Now there's something new rolling out in Eastern Iowa. It's called the LawnBott..

“I had no idea what it was at first," said Neighbor Jeff Gibbons.

A little red, rolling machine is catching the attention of all the neighbors. It simply meanders through a yard on the Northeast side of Cedar Rapids.

"I thought it was the kids playing with some sort of toy,” Gibbons said.

The machine is actually a robotic lawn mower, called the LawnBott.

“I'm going to hit start,” said Trent Donels as he started up the LawnBott.

"It's a completely automated robot that randomly, throughout the day, goes out and mows your yard, every day, all day long. It's completely programmable. You can set settings on it,” Donels added.

Donels just started selling the LawnBott a few months ago. He's the new authorized dealer of the robotic lawn mowers with his company, LawnBott of Eastern Iowa. He uses the machine in own his yard to demonstrate how it works.

"I don't mind coming home every day, especially after a long day and not having to mow the yard,” Donels said.

Homeowners install a boundary wire around the property. The robot communicates with the wire, so it knows the entire area of the yard that it needs to mow.

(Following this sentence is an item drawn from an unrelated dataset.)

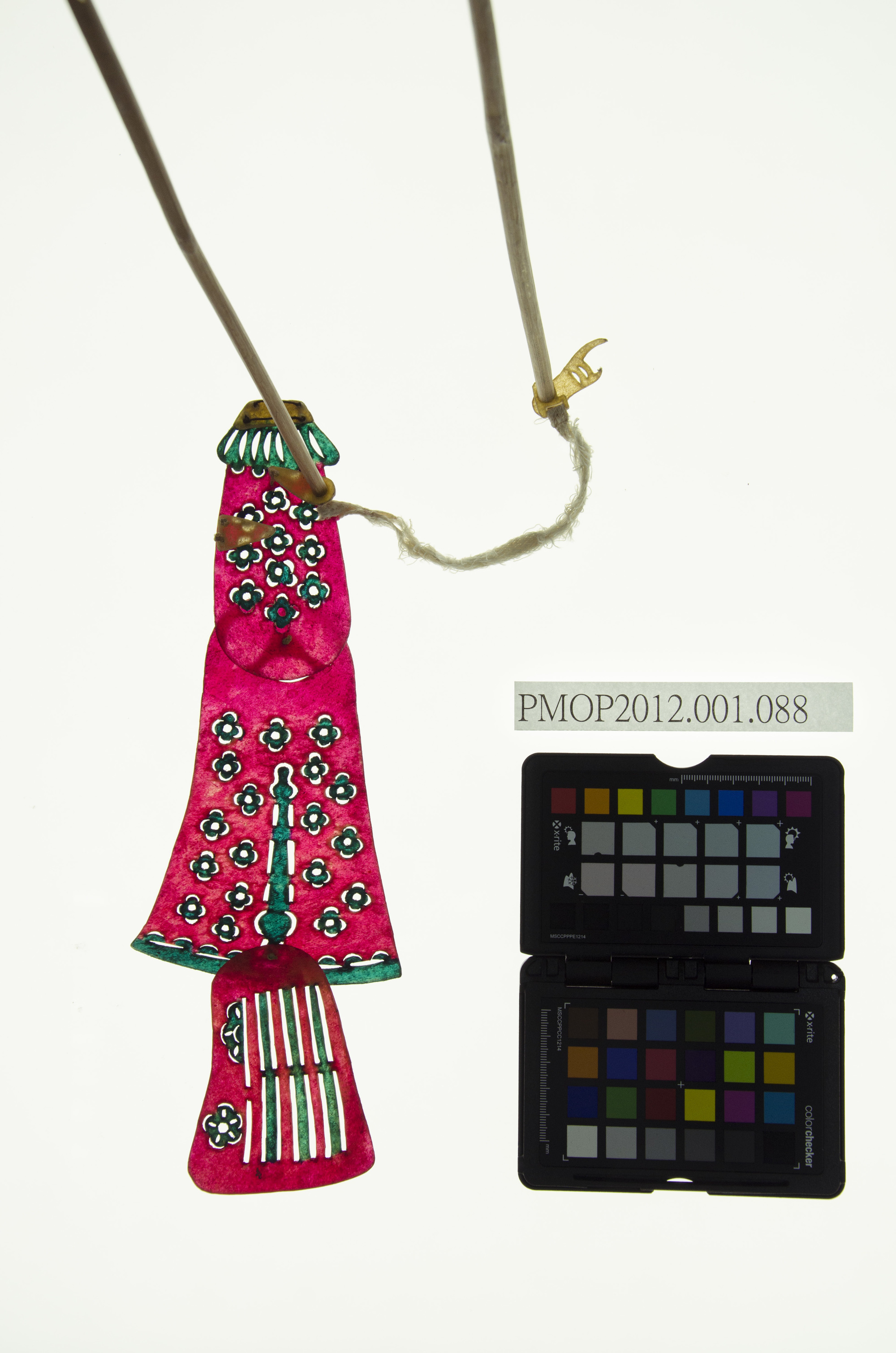 角色說明: 女旦。 技法說明: 傳統造型,衣著刻有幾何排列梅花紋,以緞帶為袖,方便轉身。

Then, it uses random patterns to keep the grass to a certain length.

But don't worry it won't mow you down.

"The bump sensor hits the object, it backs up, it does a little, quarter turn and then it starts to mow again,” Donels explained.

When the battery gets low, the LawnBott will find its way back to the boundary wire and into the docking port where it will charge. After it finishes charging, it will start mowing again.

"I can see it catching on, especially for busy people. I mean, it only makes sense,” Gibbons said.

It's a little, red machine that cuts people some slack in this busy world.

The robot also has a GPS in it. If it ever gets snatched, police can locate it. Donels said he's the first to sell the Lawnbott in Eastern Iowa, and said they cost anywhere from $2,200 to $5,000.